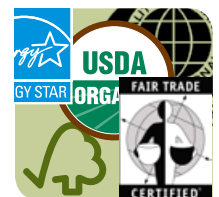
Your guide to consumer labels 6
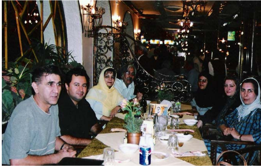
The people who make the journal possible in Tehran Chelokabi-ye Nayeb-e Vosara' summer of 2003 Luckily it is just around the corner of the office!!!
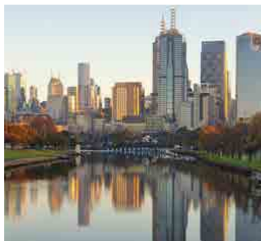
*QS Best Student Cities Ranking 2024 ^ Economist Intelligence Unit Global Liveability Index 2023

Renowned for its comprehensive public transport network, colourful art scene and diverse culture, Melbourne is consistently classed as one of the world's most liveable cities^*. Safe and welcoming with every amenity at your fingertips, Charles Sturt University Melbourne combines vibrant city living with the inclusive culture we're known for.
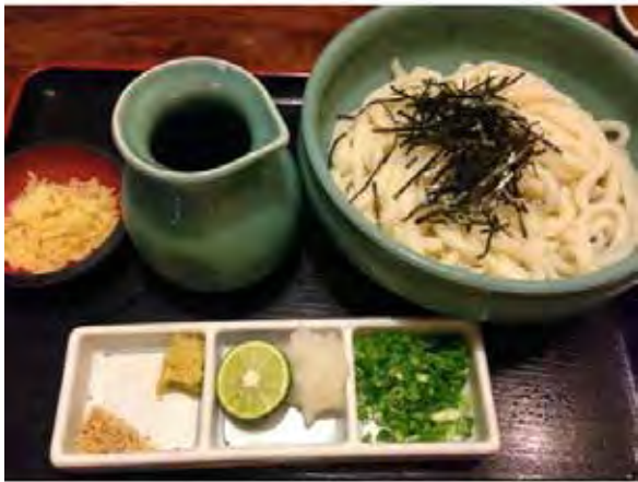
1杯目 ざるぶっかけ - 場所: うどん本陣山田家
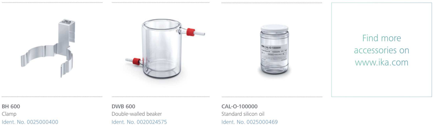
BH 600 Clamp Ident. No. 0025000400

The right accessory for each viscosity measurement: ranging from standard silicon oils to different adapters for various samples.
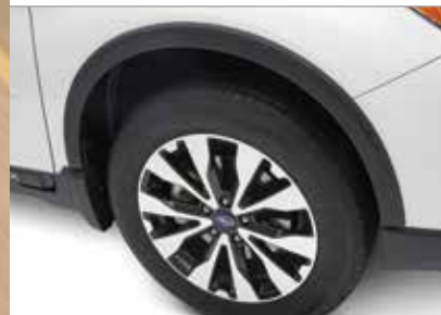
■ Wheel Arch Molding Kit Black textured moldings help protect the wheel arch areas, while adding a rugged, yet classy look. The wheel arch moldings look great with the accessory Splash Guards. E201SAL000 (Set of four)
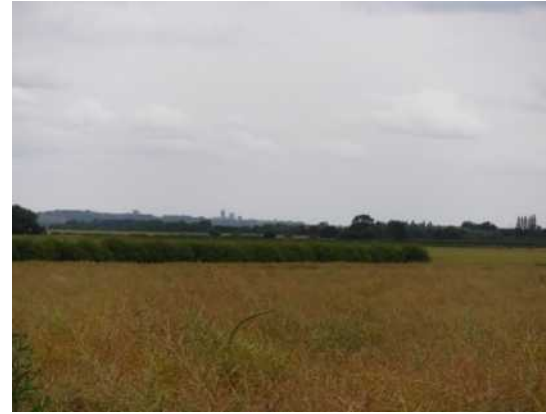
6.8 The Cathedral from footpath off Fleets Lane
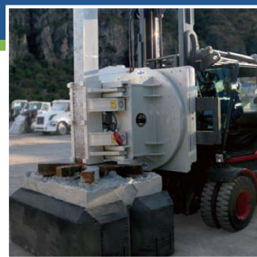
旋转式阳极棒搬运器 Rotating Anode Handler

大型面包店和杂货店的配送商可便捷地搬运面包托盘堆垛。Used in large bakeries and grocery distributors to easily handle stacks of bread trays.
--------------------------------------------------
For an answer, give a copy of every line in the listing that holds the word "with".

→ RESULT OF THE EXERCISE:
Renowned for its comprehensive public transport network, colourful art scene and diverse culture, Melbourne is consistently classed as one of the world's most liveable cities^*. Safe and welcoming with every amenity at your fingertips, Charles Sturt University Melbourne combines vibrant city living with the inclusive culture we're known for.
■ Wheel Arch Molding Kit Black textured moldings help protect the wheel arch areas, while adding a rugged, yet classy look. The wheel arch moldings look great with the accessory Splash Guards. E201SAL000 (Set of four)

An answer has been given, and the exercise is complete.